Pages

20 Aug 2013

SAN interview questions - PART 1


1. WHAT ARE THE BENEFITS OF FIBER CHANNEL SANS?

 Fiber Channel SANs exceptional reliability, scalability, consolidation, and performance. Fiber Channel SANs provide significant advantages over direct-attached storage through improved storage utilization, higher data availability, reduced management costs, and highly scalable capacity and performance. FC SANs reduce total cost of ownership (TCO).



    2. WHAT ENVIRONMENT IS MOST SUITABLE FOR FIBER CHANNEL SANS?
A> Typically, Fiber Channel SANs are most suitable for large data centers running business-critical data, as well as applications that require high-bandwidth performance such as medical imaging, streaming media, and large databases.

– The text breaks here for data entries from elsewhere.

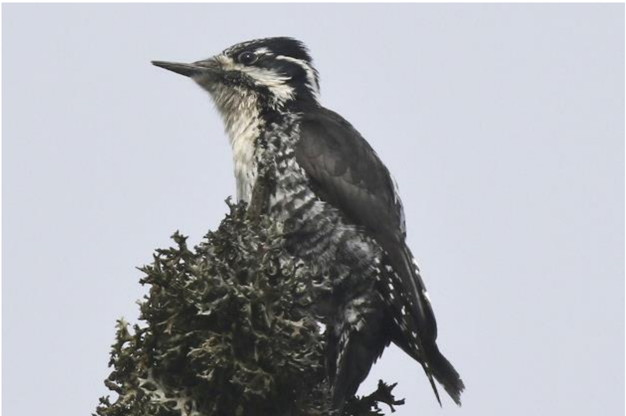
Female Three-toed Woodpecker (tour participant Björn Johansson)

The walk back was easier in the good weather with more Firecrests and other common birds along the trail. We drove close to the peak and had a nice coffee and the nearby grassy area had a few displaying Water Pipits. We had lunch in a restaurant down in the valley and after that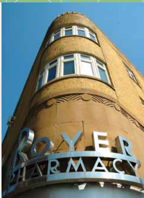
The Royer Building, Ephrata • 1939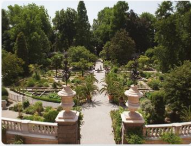
2. The Botanical Garden

    B> Fiber Channel SAN solutions can easily scale to meet the most demanding performance and availability requirements.   
A typical SAN architecture is displayed as follows:




    3. WHAT CUSTOMER PROBLEMS DO FIBER CHANNEL SANS SOLVE?

    Ø  Highly effective backup and recovery approach, including LAN-free and server-free backup models

    Ø  By providing flexible connectivity options and resource sharing, Fibre Channel SANs also greatly reduce the number of physical devices and disparate systems that must be purchased and managed, which can dramatically lower capital expenditures.

    Ø  Heterogeneous SAN management provides a single point of control for all devices on the SAN, lowering costs and freeing personnel to do other tasks.



    4. HOW LONG HAS FIBER CHANNEL BEEN AROUND?
Development started in 1988, ANSI standard approval occurred in 1994, and large deployments began in 1998. Fiber Channel is a mature, safe, and widely deployed solution for high-speed (1 GB, 2 GB, 4 GB, 8 GB, 16GB) communications and is the foundation for the majority of SAN installations throughout the world



   5. WHAT ARE THE BENEFITS OF 4GB FIBER CHANNEL?
Benefits include twice the performance with little or no price increase, investment protection with backward compatibility to 2 GB, higher reliability due to fewer SAN components (switch and HBA ports) required, and the ability to replicate, back up, and restore data more quickly. 4 GB Fiber Channel systems are ideally suited for applications that need to quickly transfer large amounts of data such as remote replication across a SAN, streaming video on demand, modeling and rendering, and large databases. 4 GB technology is shipping today.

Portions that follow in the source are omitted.